The International Finance Corporation (IIF), which raised its fair value estimate for USD / TL from 7.50 to 9.50, listed two main reasons as an increase in the current account deficit and the outflow of foreign hot money. “The reserve could have been a buffer, but at a lower level,” the IIF said.
Spokesman Emre Deveci newsWhy the IIF has long maintained the fair value estimate for the dollar / TL at 5.50, 6.30 on April 6, 2020, 7.50 on June 29, 2020, and 9.50 on May 2, 2021. ”. This figure refers not to the forecast that a ratio will rise to this level in a certain period of time, but to the level of exchange, which is necessary to close the current gap in the current economic situation in Turkey.
The IIF pointed out that there are two main reasons behind the 9.50 decision.
The first is that the current account deficit is higher than previously expected. The agency raised its current open forecast for 2021 to 3 to 4 percent of national income. In 2020, the current account deficit was $ 36.7 billion. In February 2021, the 12-month current account deficit rose to $ 37.8 billion, despite relatively strong economic activity and rising commodity prices, despite rising interest rates and a slowdown in credit.
The second main reason given by the IIF is that the inflow of foreign capital to Turkey is much weaker than expected, and even serious flows have occurred since mid-March.
For these two main reasons, the IIF argues that the dollar / TL balance sheet level needs to be higher in order to increase exports and improve the outlook for the current account deficit.

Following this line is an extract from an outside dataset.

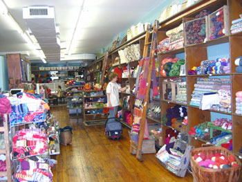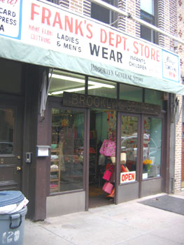 Brooklyn General (see the sign under the Frank's sign?) was great! It's a huge space with beautiful old-fashioned wood display cases on the walls (very general store-y), filled with gorgeous, gorgeous yarns in every color (really, Debbie Bliss, Rowan, Morehouse Merino, Tess, Alchemy, Savannah, Elspeth Lavold... and each one in more colors than I've ever seen in one store!). They also have retro vintage and hip modern fabrics and neat little handmade items for sale. It's just like a crafter's general store with enough fabulous yarn and fabric to keep your hands busy for a long time, all the necessary notions for sewing and knitting, and all in a very relaxed and friendly neighborhood atmosphere.

$ 9.9 billion overseas in the last two months
In fact, data from the Central Bank (CBT) show that foreigners had a net inflow of about $ 9.9 billion in March and April. $ 2 billion of this product was sold through the bond and stock markets, and $ 7.9 billion through the exchange channel. Thus, the total external outflow of securities and swap channels in the first four months of the year amounted to $ 6.9 billion.